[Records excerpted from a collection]
══════
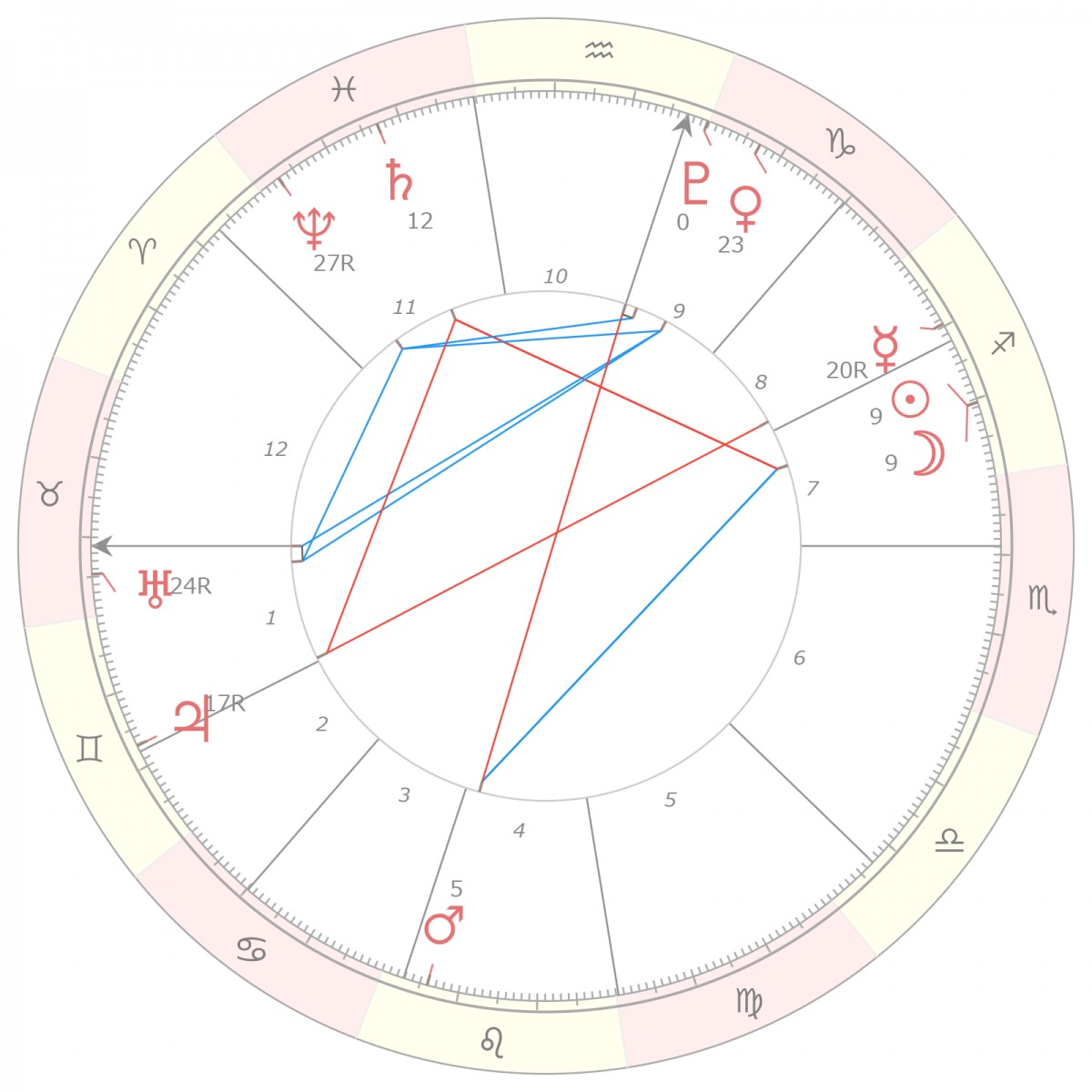 東京起点のホロスコープでは、射手座の太陽と月が7ハウスで重なり、11ハウスにある魚座の土星とスクエア(90度)を形成しています。また、牡牛座の天王星はアセンダントと合で、太陽と月とクインデチレ(165度)となっています。
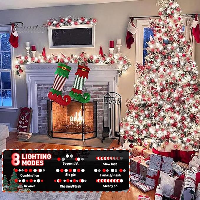 • Great for Christmas Decor:100 LED starry-style fairy lights with Red and White light accent your space with a unique, inviting glow. 33ft length is perfect to put around a garden or porch railing.The silver line design can be integrated with all kinds of scenes, more hidden, better reflect the beauty of the light.Hang these Red & White fairy lights on the Christmas tree or stick them on the wall to bring a festive atmosphere to your home. Have a warm and unforgettable Christmas with your family!
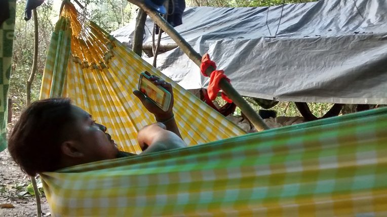 One night, in an indigenous village in the rainforest of southern Guyana, we woke to the muutu’s growl, the outboard engine noise that reveals riverine comings and goings. Dogs barked, and we returned to sleep; the men who went to work gold were home. The next day, I joined a circle around a cell phone displaying images of creeks, forest camps, and young men posing with their tools. “Akuknon komo ishe wasï. Bluetooth kasko!” someone called. I want those pictures. Do Bluetooth!
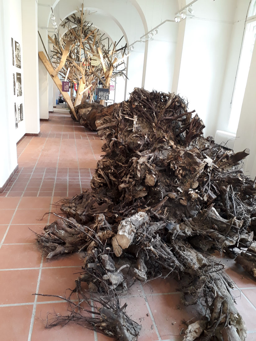 Der gleiche Baum als Kunstwerk in einer Ausstellung über Flucht und Migration in der Galerie Körnerpark, Juni 2018.
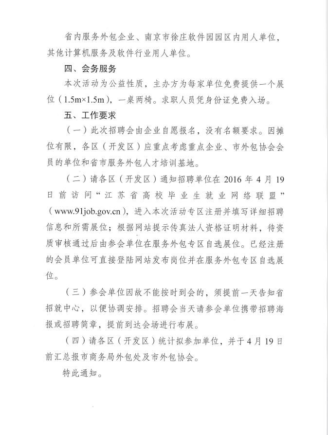 關(guān)于組織開展2016年服務(wù)外包人才專場招聘活動(dòng)的通知
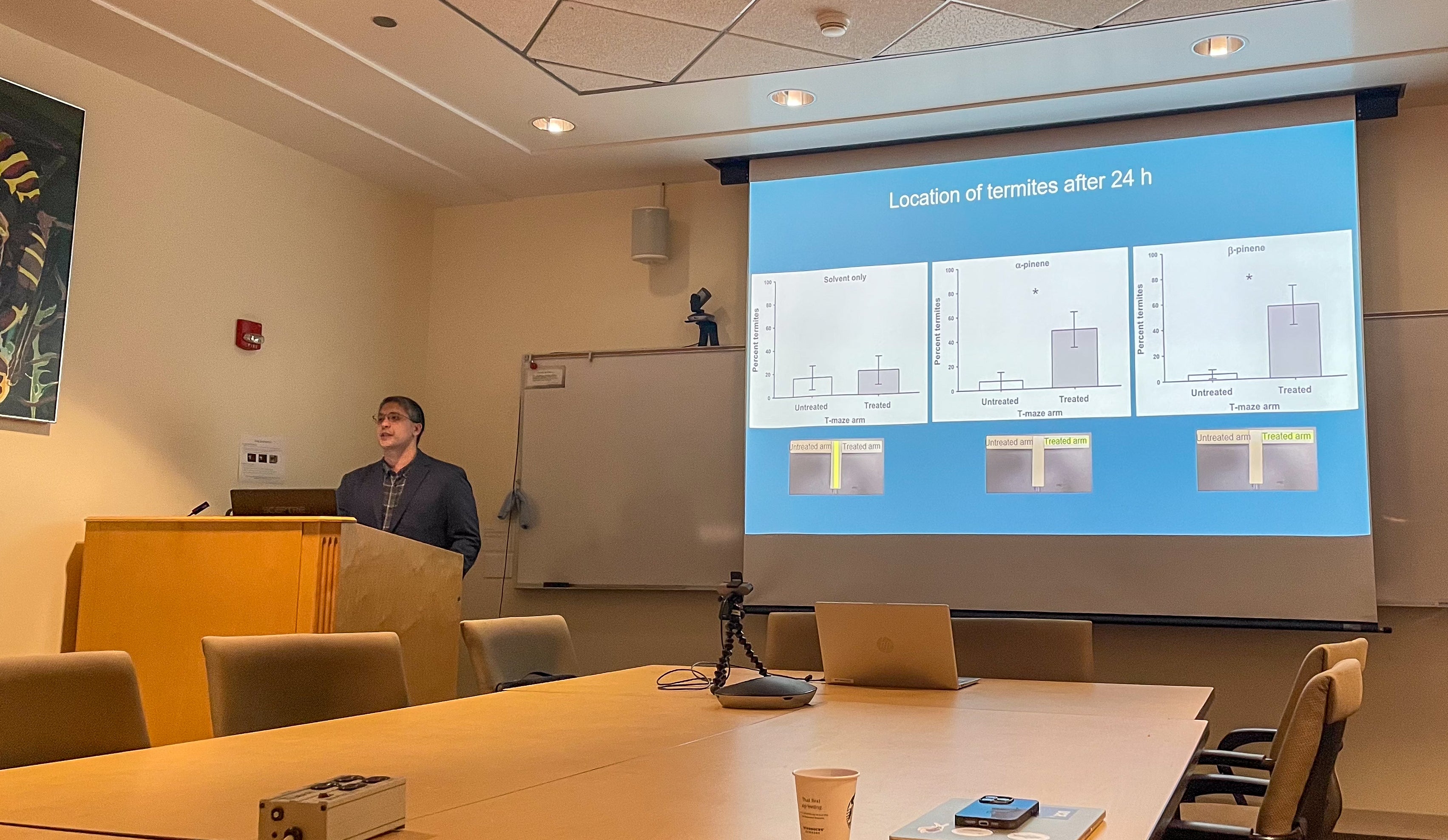 Nicholas Poulos has successfully completed his PhD dissertation defense today (April 29, 2025). His dissertation title is "Attractants, Chitin Synthesis Inhibitors, and Bacterial Diversity of Fecal Pellets: Improving Localized Chemical Treatment and Detection of the Western Drywood Termite (Blattodea: Kalotermitidae)".
══════
Your goal :: Your copy must match the records above exactly, apart from the pictures, which are excluded.

Expected answer ::
 東京起点のホロスコープでは、射手座の太陽と月が7ハウスで重なり、11ハウスにある魚座の土星とスクエア(90度)を形成しています。また、牡牛座の天王星はアセンダントと合で、太陽と月とクインデチレ(165度)となっています。
 • Great for Christmas Decor:100 LED starry-style fairy lights with Red and White light accent your space with a unique, inviting glow. 33ft length is perfect to put around a garden or porch railing.The silver line design can be integrated with all kinds of scenes, more hidden, better reflect the beauty of the light.Hang these Red & White fairy lights on the Christmas tree or stick them on the wall to bring a festive atmosphere to your home. Have a warm and unforgettable Christmas with your family!
 One night, in an indigenous village in the rainforest of southern Guyana, we woke to the muutu’s growl, the outboard engine noise that reveals riverine comings and goings. Dogs barked, and we returned to sleep; the men who went to work gold were home. The next day, I joined a circle around a cell phone displaying images of creeks, forest camps, and young men posing with their tools. “Akuknon komo ishe wasï. Bluetooth kasko!” someone called. I want those pictures. Do Bluetooth!
 Der gleiche Baum als Kunstwerk in einer Ausstellung über Flucht und Migration in der Galerie Körnerpark, Juni 2018.
 關(guān)于組織開展2016年服務(wù)外包人才專場招聘活動(dòng)的通知
 Nicholas Poulos has successfully completed his PhD dissertation defense today (April 29, 2025). His dissertation title is "Attractants, Chitin Synthesis Inhibitors, and Bacterial Diversity of Fecal Pellets: Improving Localized Chemical Treatment and Detection of the Western Drywood Termite (Blattodea: Kalotermitidae)".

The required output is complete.